The love of God is powerful. There is no way to fully describe this. I saw God working through a very difficult situation to bring souls to him. I saw the love of God played out in the ways that nurses cared for patients. When I passed by the “Black corner” I saw patients in their final minutes prayed for, sung to and loved. There was something beautiful that happened with these poor folks. They died with someone holding their hands, speaking words of peace in their ear. Maybe it wasn’t a logical or strategic thing to do, but it was a manifestation of God’s love. I was focused on the Reds, but maybe it was with those Blacks that something powerful took place. Anyway, I’m not going to tell you that everyone became a Christian. I know for sure that a seed has been planted in that place. People encountered God. I saw miracle patients. There were patients we thought would never survive, who walked out praising God. For all the ugliness and the suffering, I left with a feeling that God was at work, showing mercy, revealing his love to people. I am grateful to have been a part of it.
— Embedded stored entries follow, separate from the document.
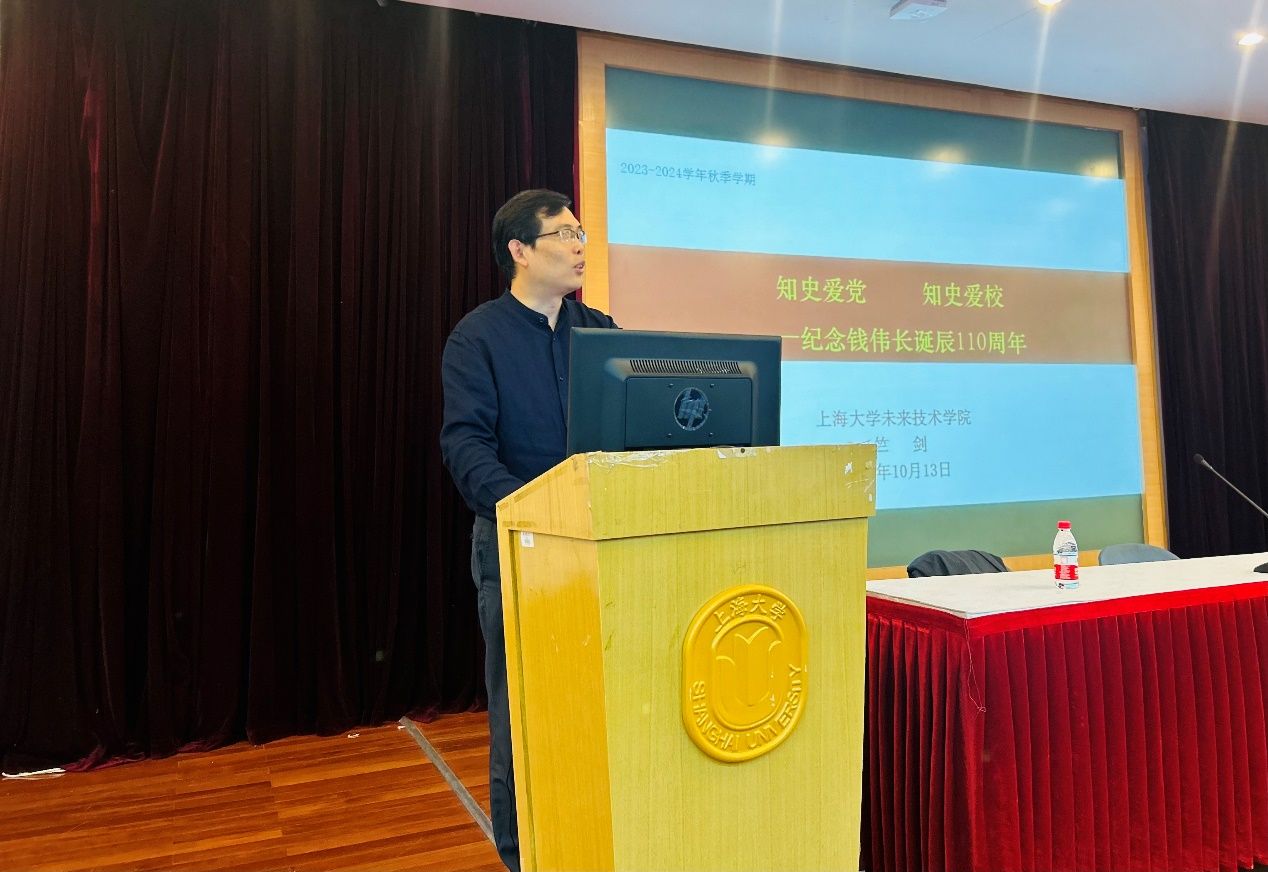 “伟长书院·梦想启航系列讲座”《知史爱党 知史爱校——纪念钱伟长诞辰110周年》于10月13日下午在宝山校区J楼202举行,未来技术学院党委书记竺剑倾情开讲。未来技术学院和钱伟长学院的学工教师,未来技术学院研究生新生和伟长书院新生共同聆听了讲座。讲座由钱伟长学院党委副书记、副院长、伟长书院执行院长沈青松主持。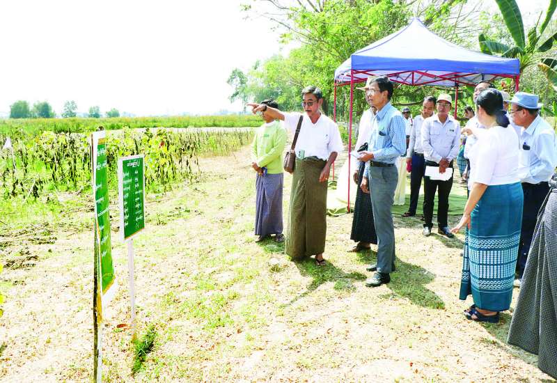 သမဝါယမနှင့် ကျေးလက်ဖွံ့ဖြိုး ရေးဝန်ကြီးဌာန ဒုတိယဝန်ကြီး ဦးမြင့်စိုးသည် တာဝန်ရှိသူများနှင့်အတူ ယနေ့နံနက်ပိုင်းတွင် ဧရာဝတီတိုင်းဒေသကြီး ဝါးခယ်မမြို့နယ် ကြာဖြူကျေးရွာရှိ ရွှေကြာဖြူ(၁) စိုက်ပျိုးထုတ်လုပ် ရေးသမဝါယမအသင်းမှ အသင်းသားတောင်သူ ဦးဝင်းဗိုလ်၏ နေကြာ၊ မြေပဲစိုက်ခင်းများအနက် ရုရှားသဘာဝမြေဩဇာ အသုံးပြု၍ စိုက်ပျိုးထားသော ဆင်း ရွှေကြာ-၂ နေကြာမျိုး တစ်ဧက ရိတ်သိမ်းပြီးစီးမှုကို ကြည့်ရှုအားပေးသည်။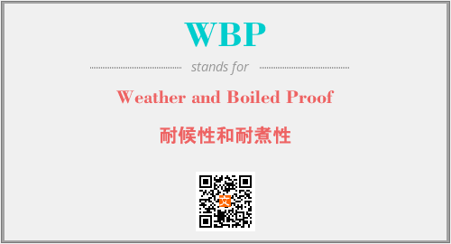 以上为Weather and Boiled Proof英文缩略词WBP的中文解释,以及该英文缩写在英语的流行度、分类和应用领域方面的信息。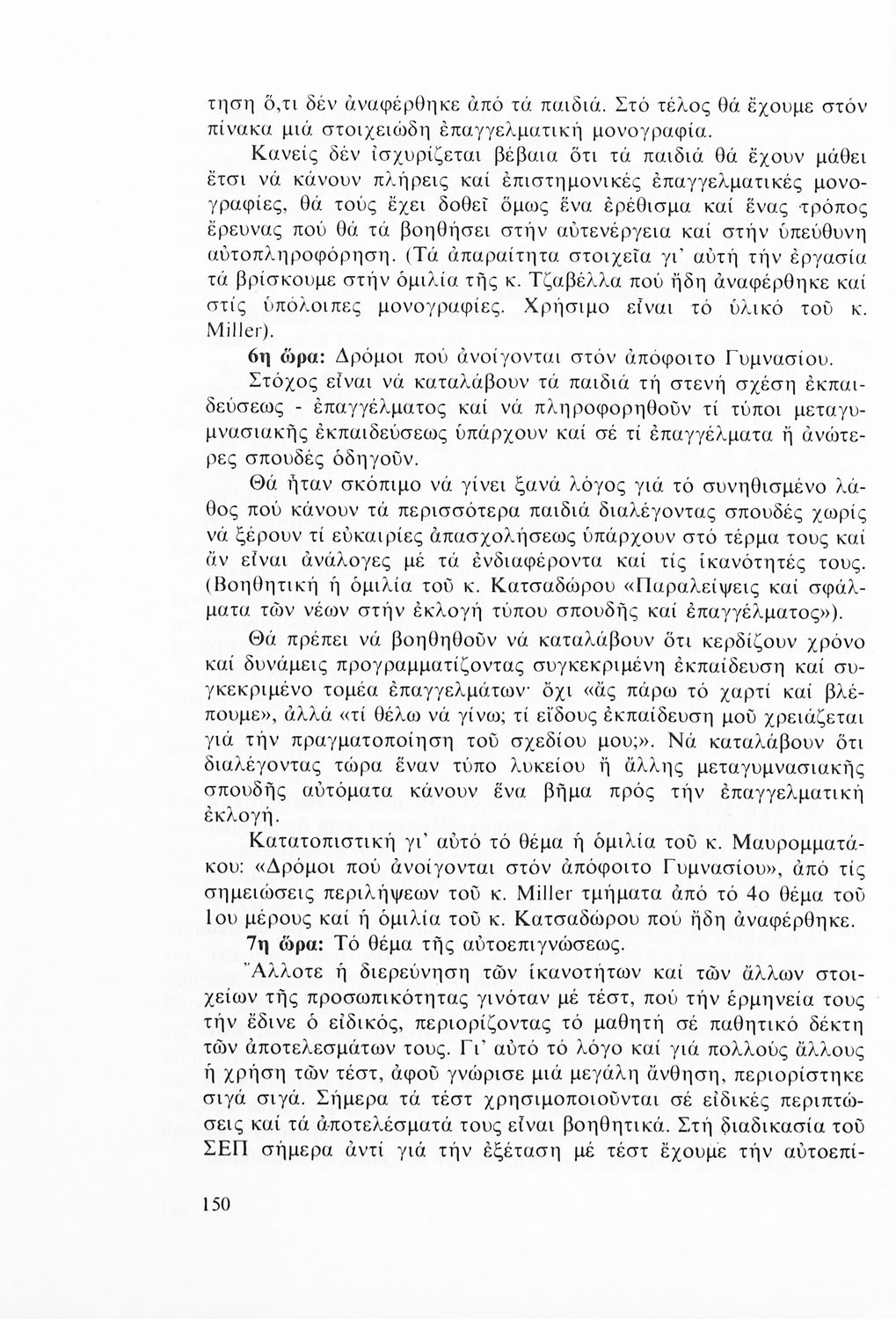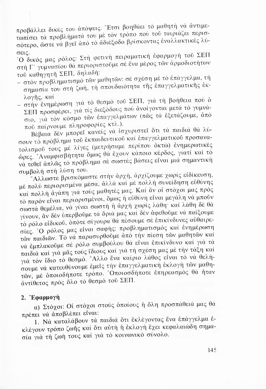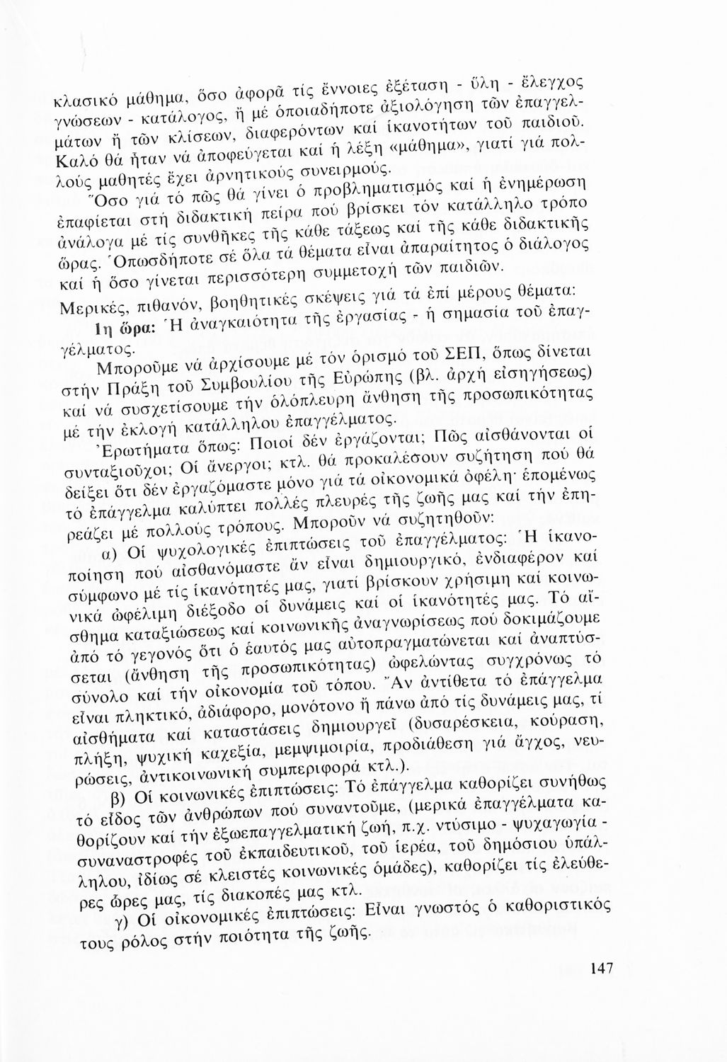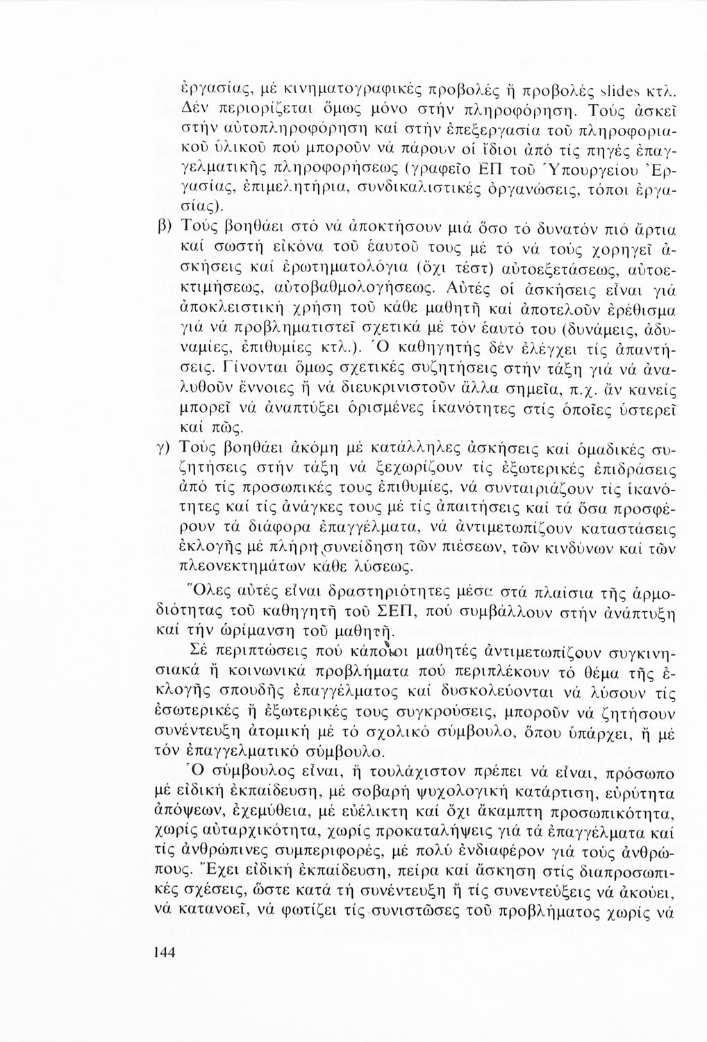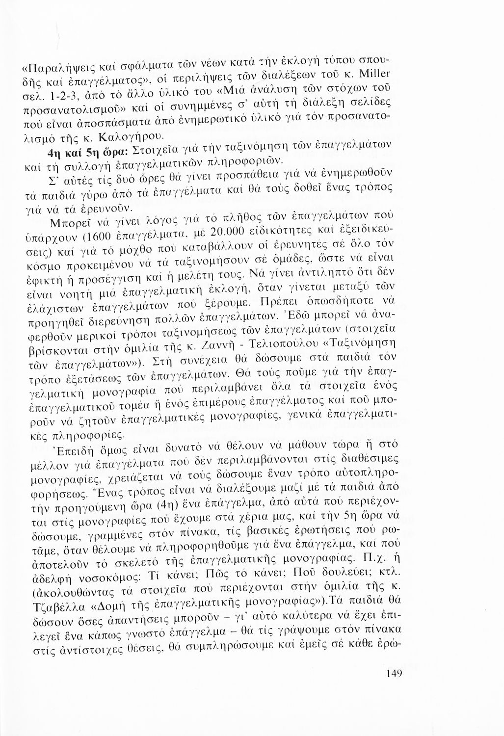 Σχολικό εγχειρίδιο Επαγγελματικού Προσανατολισμού για τις Β΄ και Γ΄ Γυμνασίου που περιέχει γενικές αρχές επαγγελματικής σταδιοδρομίας και συγκεκριμένες πληροφορίες για την επιστημονική εξέλιξη και ...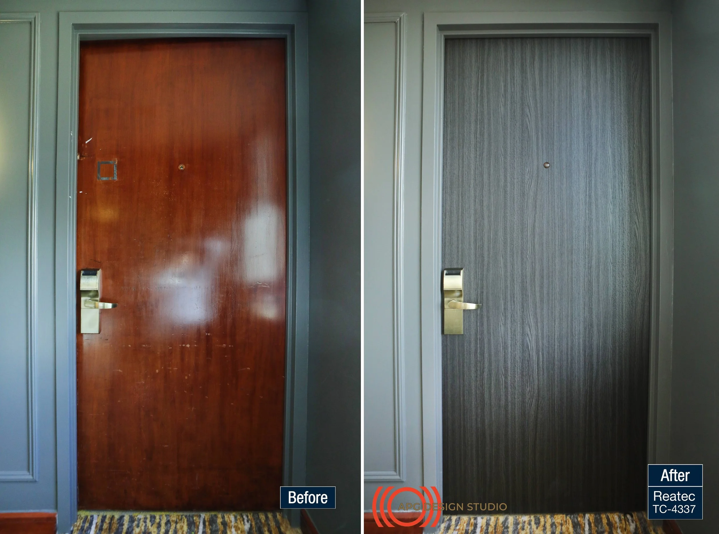 Refinish doors, millwork, casework, elevator cabs and countless other surfaces for a more sophisticated look.

So, I’ve written more than I intended, but less than it would take to communicate what this experience meant to me. I feel spent, but I’m happy I went. There are places in the world which seem too messed up for Gods grace to work. They aren’t. There are people who seem too far, too hopeless, too steeped in darkness for Gods love to reach. They aren’t.
I write these last words sitting outside of the arrivals at Entebbe airport. I’m waiting for Lindsey and Emmanuel to arrive. Tonight we fly to Thailand for a medical conference and a bit of down-time. My sincere thanks to all who prayed for us and supported us during this difficult time of separation.